Two events later, the experiment is trending in the wrong direction. OG’s 0-3 start at BLAST Slam VII includes losses to Xtreme Gaming, BetBoom, and Yandex. None of the three defeats were competitive enough to inspire hope. The team that Ceb promised would bring SEA its first championship is now staring at 11th-12th place and outright elimination from the tournament.

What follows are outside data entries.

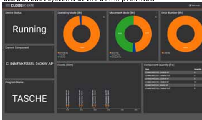
Photo 1: The C-Gate contains a dashboard with many functions for different reference groups.

It is Viessmann's target to digitalise the production process for medium-sized heating boilers completely. In spring 2018 the two project partners first came to an agreement concerning the requirements and priorities for the introduction of the C-Gate. The focus shall be on the monitoring of the systems for a fast error reaction and the documentation of waiting times for optimisation of the production run. "We mainly look at the overall equipment with availability, capacity and quality factors and the component-related key data," explains Bernhard Rothkegel. Already in June 2018, Viessmann could install the C-Gate in three CLOOS robot systems at the Berlin premises.
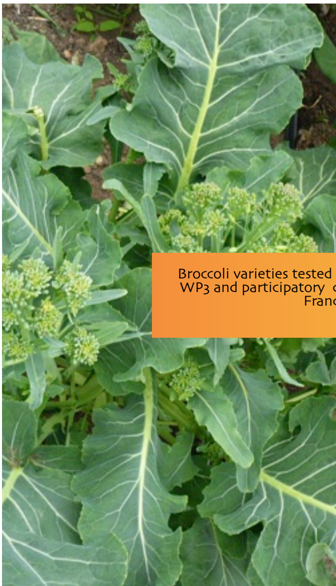
Broccoli varieties tested in France and Italy in WP3 and participatory quality assessment in France
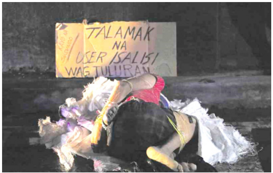
Figure 6. "Pray You Don't See this on Your Street," News Information/Headlines, Philippine Daily Inquirer , 20 July 2016.
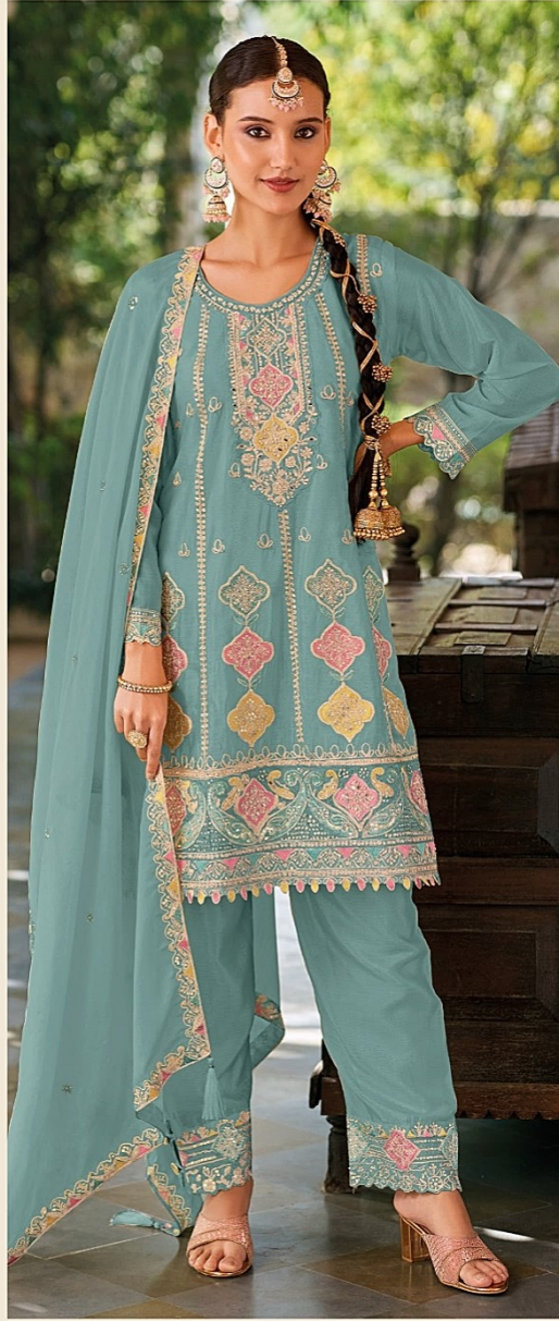
10081 - B
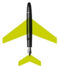
International trade and contracts
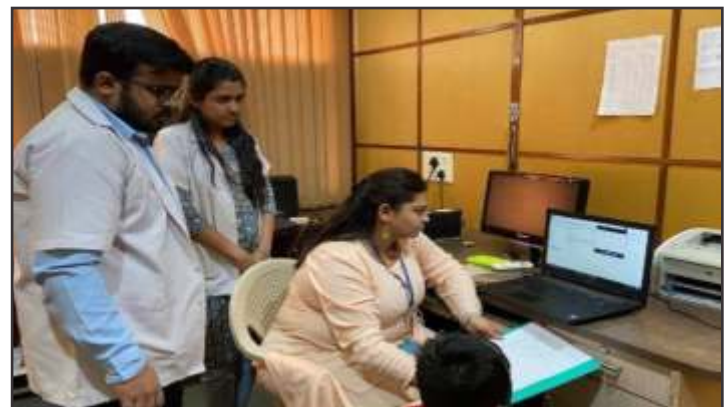
Central Auditory Processing Disorder (CAPD) Evaluation
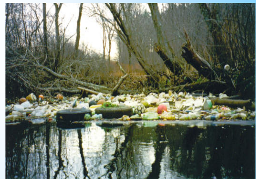
Litter in a stream.
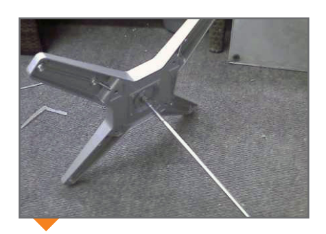
Connect the rod with two screws and washers to the cross. Ensure that they are very tight.
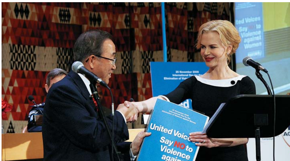
The United Nations Secretary-General Ban Ki-moon greets Nicole Kidman as one of the leaders of UNiTE to End Violence against Women campaign

The collaboration between the UN family and the advertising industry is advancing on many fronts, pointed Mr.
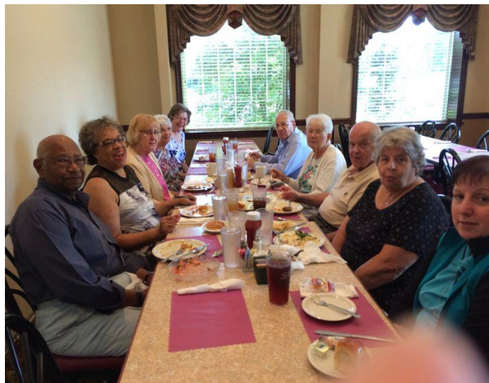
Our PrimeTimers enjoy a meal at the Dutchway Buffet in Lancaster, Pa.
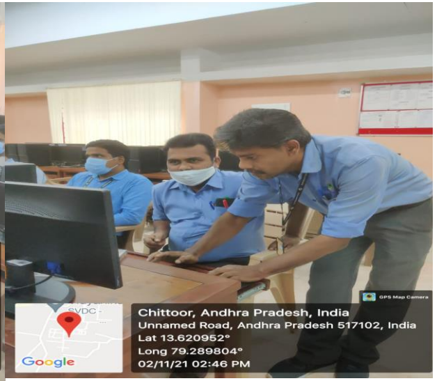
Participants creating their own course on CANVAS
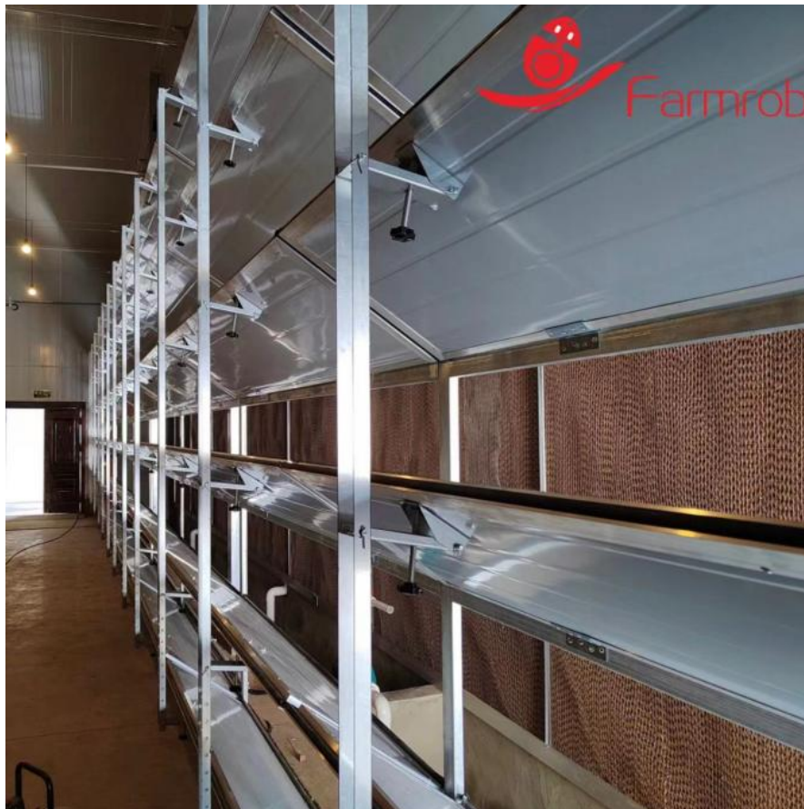
3.The air guide plates are made of 30/50mm insulated panels with an aluminum alloy frame.
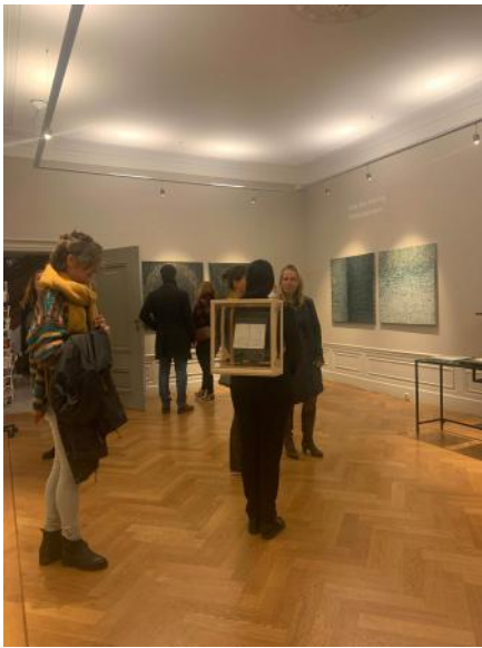
Performance Museum Night The Hague, 2021 Performance, Variable
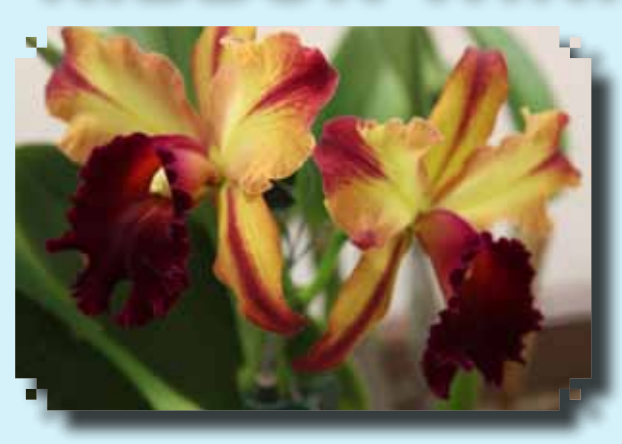
YELLOW/BLUE RIBBON Blc. Toshie Aoki 'Pizziaz' Karen Reynoldson
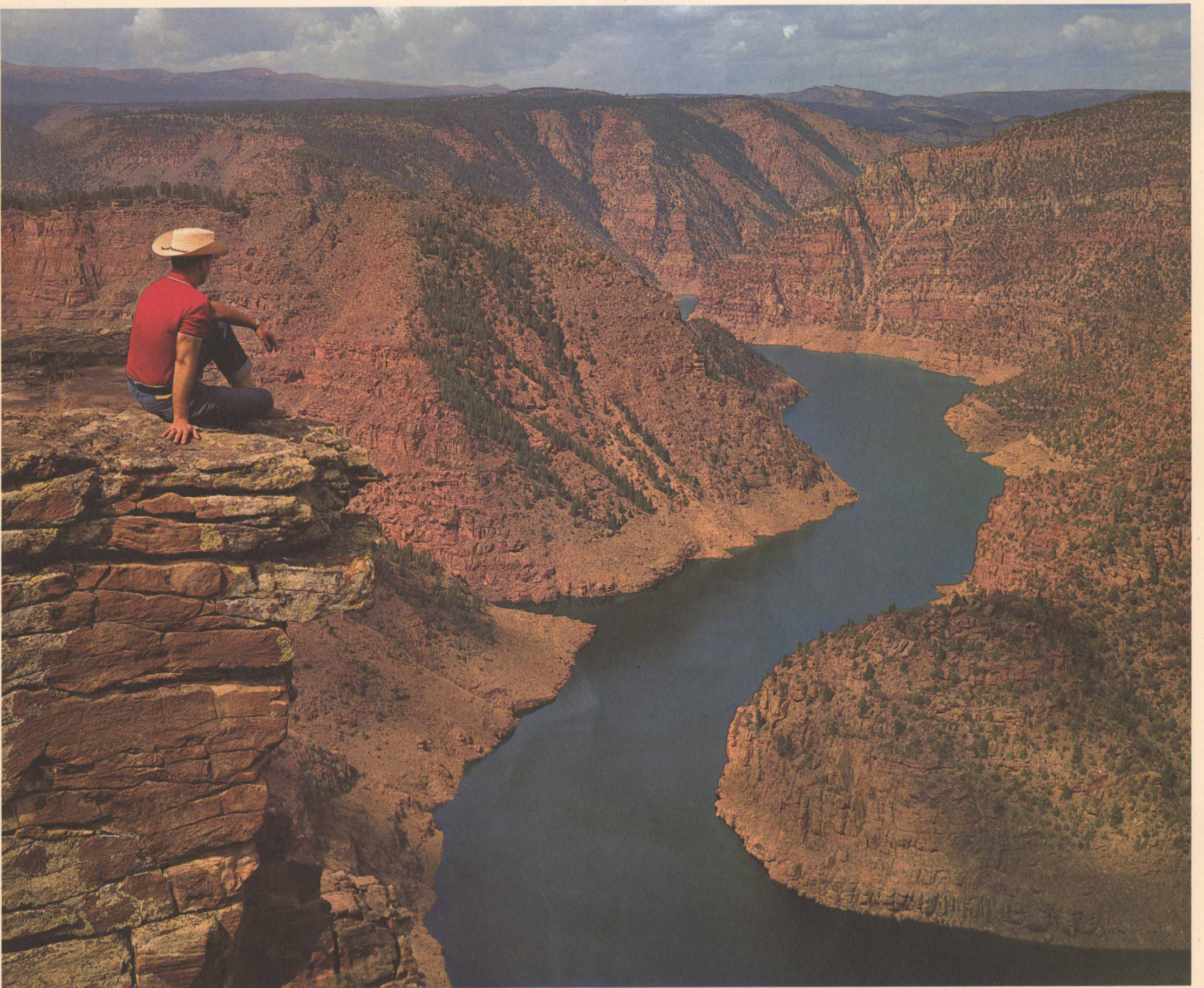
RED CANYON OVERLOOK ABOVE FLAMING GORGE LAKE, NORTHEASTERN UTAH
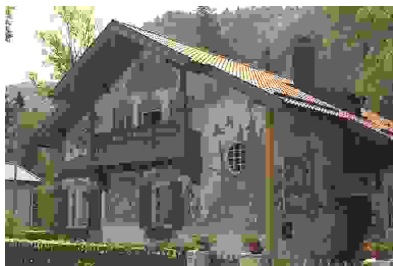
(c) LIVE database (DMOS = 65)
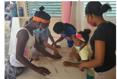
Bible Club Los Tumbaos

these agreed clubs minister to about 150 children. God has been faithful.
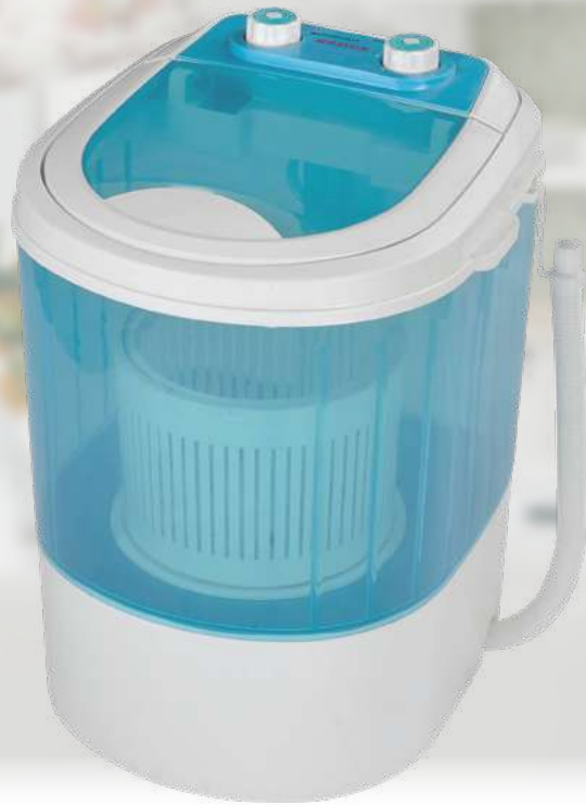
WM 3001 WH

Power: 300W | Max Capacity: 3kg | Mechanical control | 10 minutes wash timer | Spin function | Plastic body | Ecological & Safe and economical | Quiet operation | Ideal for long trips, camping or use at home due to it's small and compact size |
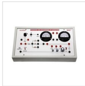
CHARGING DISCHARGING OF
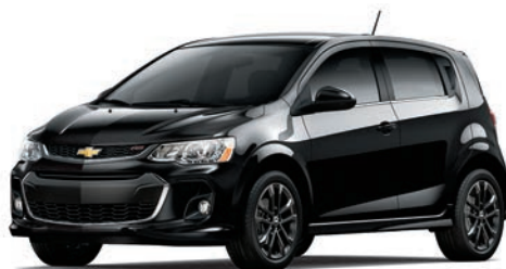
MOSAIC BLACK METALLIC
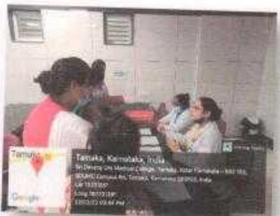
Tamaka, Karnataka, India Sri Devaraj Urs Medical College, Tamaka, Kolar Karnataka - 563103, India 50480 Gangolli Rd, Tamaka, Karnataka 563103, India Lat: 13.130241° Long: 76.172774° 22/09/22 04:14 PM
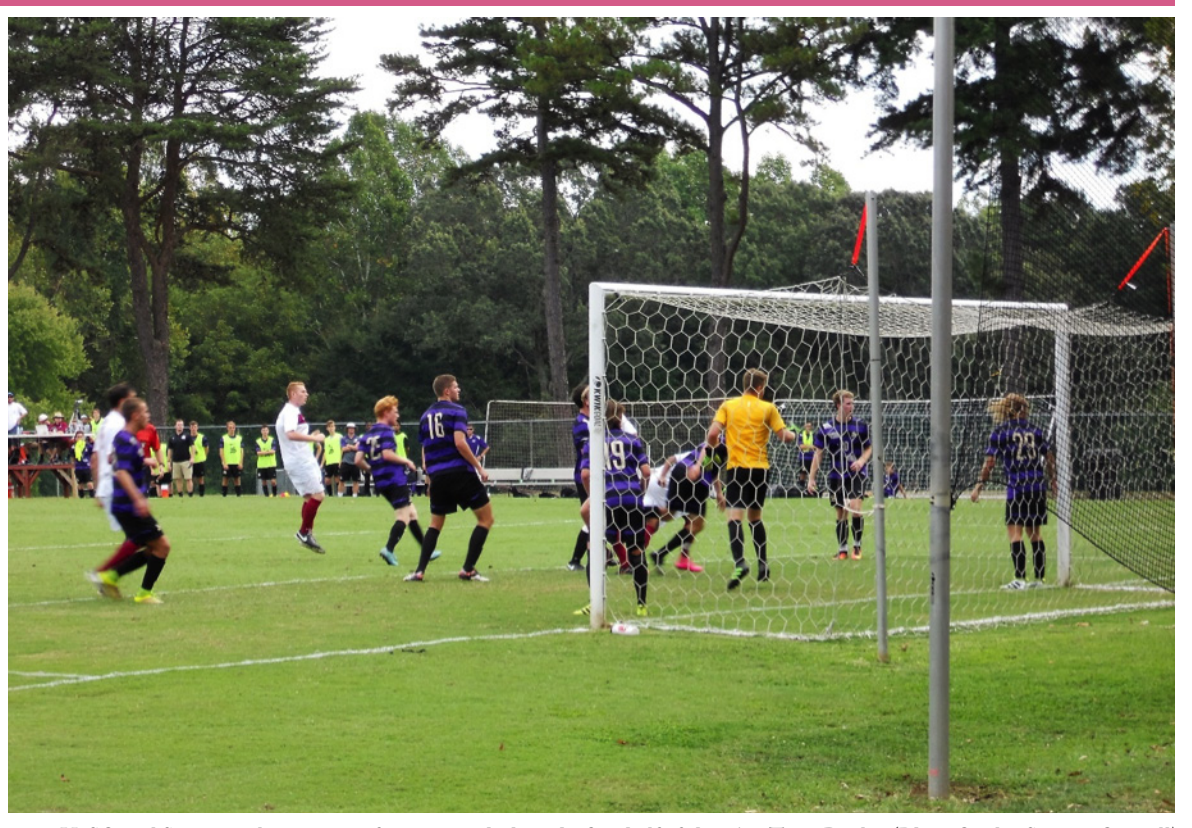
H-SC and Sewanee players react after a corner kick in the first half of the 9/17 Tiger Derby.

The following day, September 11, the Tigers traveled to Dover, Delaware to take on the Wesley College Wolverines in the final match of the Delmarva Cup. H-SC dominated Continued on page 7
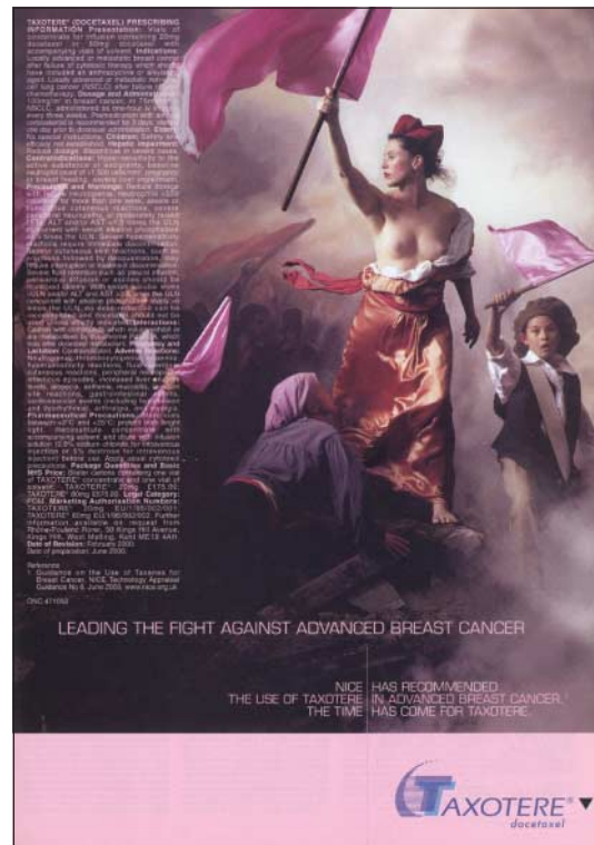
Fig 3 Taxotere: “Leading the fight against advanced breast cancer”

An industry award winner in 2001, this example (fig 3) prompted debate in the BMJ about what some saw as inappropriate eroticism. 17 It is a tableau of Delacroix’s Liberty Leading the People (fig 4). Pink silk flags substitute for sabres, muskets, pistols, and tricolour in the original painting to evoke the pink ribbons of the (drug industry sponsored) breast cancer awareness campaign. It
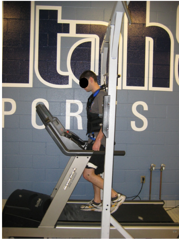
Figure 2. The Pneumax body weight support unloader.
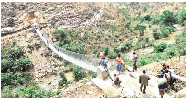
Miyobhoji bridge

The TORONTOTOKYO signing always carried risk. A Russian offlaner integrating into an all-Filipino squad, playing from Southeast Asia, communicating across a language gap that no amount of professionalism can entirely bridge. Add the fact that TT’s form at Aurora before the move was itself inconsistent, and the question becomes less about whether this lineup can click and more about whether OG has the time to let it.
Day 3 brings OG against BetBoom and Tundra. Neither is an easy win at 0-3 confidence levels. If OG drop both, they are mathematically at risk of elimination before the final day.
What Day 3 and Day 4 Will Decide
Sixteen matches are scheduled for Thursday (Day 3), and the group wraps up Friday (May 29). The seeding implications are enormous:
Top 4 advances directly to the LAN playoffs at BLAST Studios in BLAST Slam VII Copenhagen (June 4-7, double elimination, Bo3/Bo5 grand final). 5th-6th drops to LCQ Round 2. 7th-10th starts in LCQ Round 1. 11th-12th is eliminated outright.
| Position | Record | Teams |
| 1st | 3-0 | Team Yandex |
| T2nd | 2-1 | BetBoom, GLYPH, LGD, PARIVISION, Falcons |
| T7th | 1-2 | Aurora, Liquid, Spirit, Tundra, Xtreme Gaming |
| 12th | 0-3 | OG |
The key Day 3 matchups to watch: Falcons vs Spirit (both need wins for opposite reasons), Aurora vs Liquid (the loser starts planning for LCQ), GLYPH vs PARIVISION (qualifier darlings against Puppey’s disciplined system), and Yandex vs Tundra (can anyone stop the DM-powered CIS machine?).
The CIS contingent dominates the upper half of this table. Yandex at 3-0, PARIVISION at 2-1, BetBoom at 2-1. Add Falcons (who field a mixed roster with CIS roots in their coaching staff) and you have four of the top six slots held by teams with deep connections to the post-Soviet Dota ecosystem. For a scene that spent years being told it was declining after Team Spirit’s TI10 win, BLAST Slam VII is shaping up as a showcase for exactly how wrong that narrative was.
The group finishes tomorrow. The standings will look different by Friday night. But the stories that defined the opening two days, Yandex’s perfect start with DM, OG’s freefall, Liquid’s title defense going sideways, GLYPH’s debut disruption, those will echo into the playoffs regardless of how the final seeding shakes out.